Documents reviewed are listed in the Attachment.

The inspectors reviewed the following engineering evaluations, completed for evidence of boric acid leakage, to determine if the licensee properly applied applicable corrosion rates to the affected components; and properly assessed the effects of corrosion-induced wastage on structural or pressure boundary integrity in accordance with the licensee procedures.

  • AR 2094553, SS-07-1B inactive discolored boric acid on downstream flange Steam Generator Tube Inspection Activities The inspectors reviewed the eddy current (EC) examination activities performed in Unit 2 steam generators 2A and 2B during this current refueling outage to verify compliance with the licensees TS, ASME BPVC Section XI, and Nuclear Energy Institute 97-06, Steam Generator Program Guidelines.

The inspectors reviewed the scope of the EC examinations, and the implementation of scope expansion criteria, to verify these were consistent with the Electric Power Research Institute (EPRI) Pressurized Water Reactor Steam Generator Examination Guidelines, Revision 7. The inspectors reviewed documentation for a sample of EC data analysts, probes, and testers to verify that personnel and equipment were qualified to detect the applicable degradation mechanisms in accordance with the EPRI Examination Guidelines. This review included a sample of site-specific examination technique specification sheets (ETSS) to verify that their qualification and site-specific implementation were consistent with Appendix H or I of the EPRI examination guidelines. The inspectors also reviewed a sample of EC data for steam generator tubes 2A-R84C99, 2A-R115C68, 2A-R136C83, 2B-R91C76, 2B-R128C103 and 2B-R135C82, with a qualified data analyst, to confirm that data analysis and equipment configuration were performed in accordance with the applicable ETSS and site-specific analysis guidelines. The inspectors verified that recordable indications were detected and sized in accordance with vendor procedures. Documents reviewed are listed in the

.

The inspectors selected a sample of degradation mechanisms from the Unit 2 Degradation Assessment report (i.e. anti-vibration bar wear, wear at V-shaped support pads, and wear at the broached tube support plates in straight sections) and verified that their respective in-situ pressure testing criteria were determined in accordance with the EPRI Steam Generator Integrity Assessment Guidelines, Revision 3. Additionally, the inspectors reviewed EC indication reports to determine whether tubes with relevant indications were appropriately screened for in-situ pressure testing. The inspectors also compared the latest EC examination results with the last Condition Monitoring and Operational Assessment report for Unit 2 to assess the licensees prediction capability for maximum tube degradation and number of tubes with indications. The inspectors verified that the licensees evaluation was conservative and that current examination results were bound by the operational assessment projections.
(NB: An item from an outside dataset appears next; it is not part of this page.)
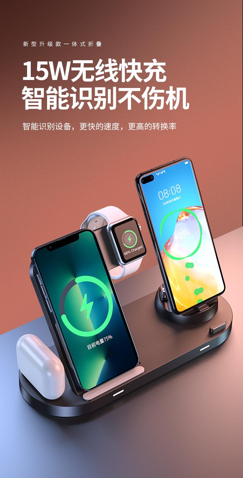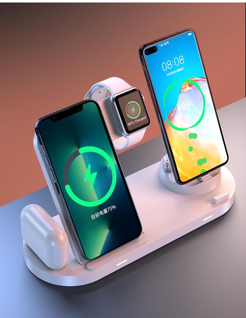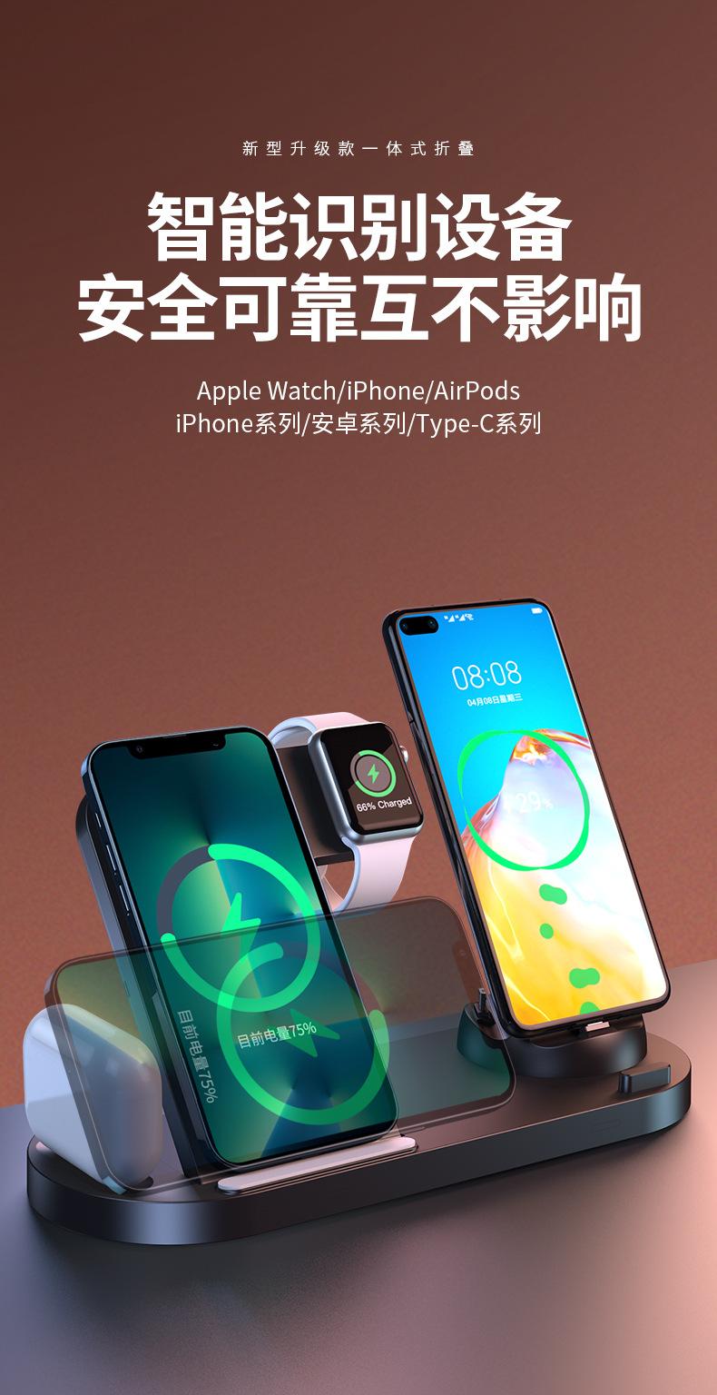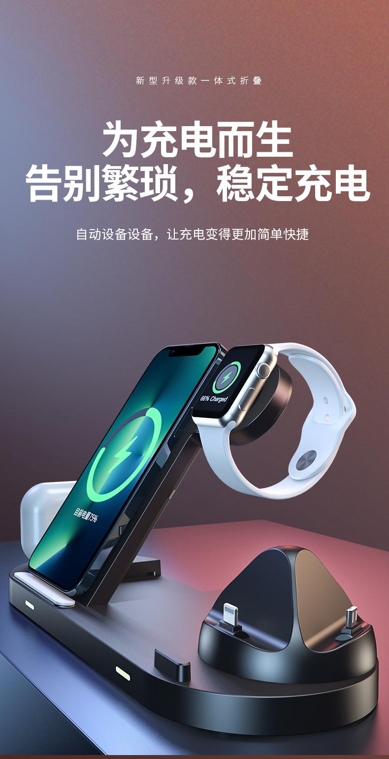Compre Novo carregador sem fio seis em um, sucção magnética, display digital, multifuncional, relógio, fone de ouvido, carregador sem fio, suporte dobrável no atacado no Joom.pro

The inspectors assessed the latest EC examination results to verify that new degradation mechanisms, if any, were identified and evaluated before plant startup. The review of EC examination results included the disposition of potential loose part indications on the steam generator secondary side to verify that corrective actions for evaluating and retrieving loose parts were consistent with the EPRI Guidelines. The inspectors also reviewed a sample of primary-to-secondary leakage data for Unit 2 to confirm that operational leakage in each steam generator remained below the detection or action level threshold during the previous operating cycle.

The inspectors review included the implementation of tube repair criteria and repair methods to verify they were consistent with plant TS and industry guidelines. The inspectors verified that the licensee had selected the appropriate tubes for plugging based on the required plugging criteria. The inspectors reviewed the tube-plugging procedure and directly observed tube-plugging activities for tubes 2A-R84C99, 2A-R115C68 and 2A-R136C83, to determine if the licensee installed the tube plugs in accordance with the applicable procedures.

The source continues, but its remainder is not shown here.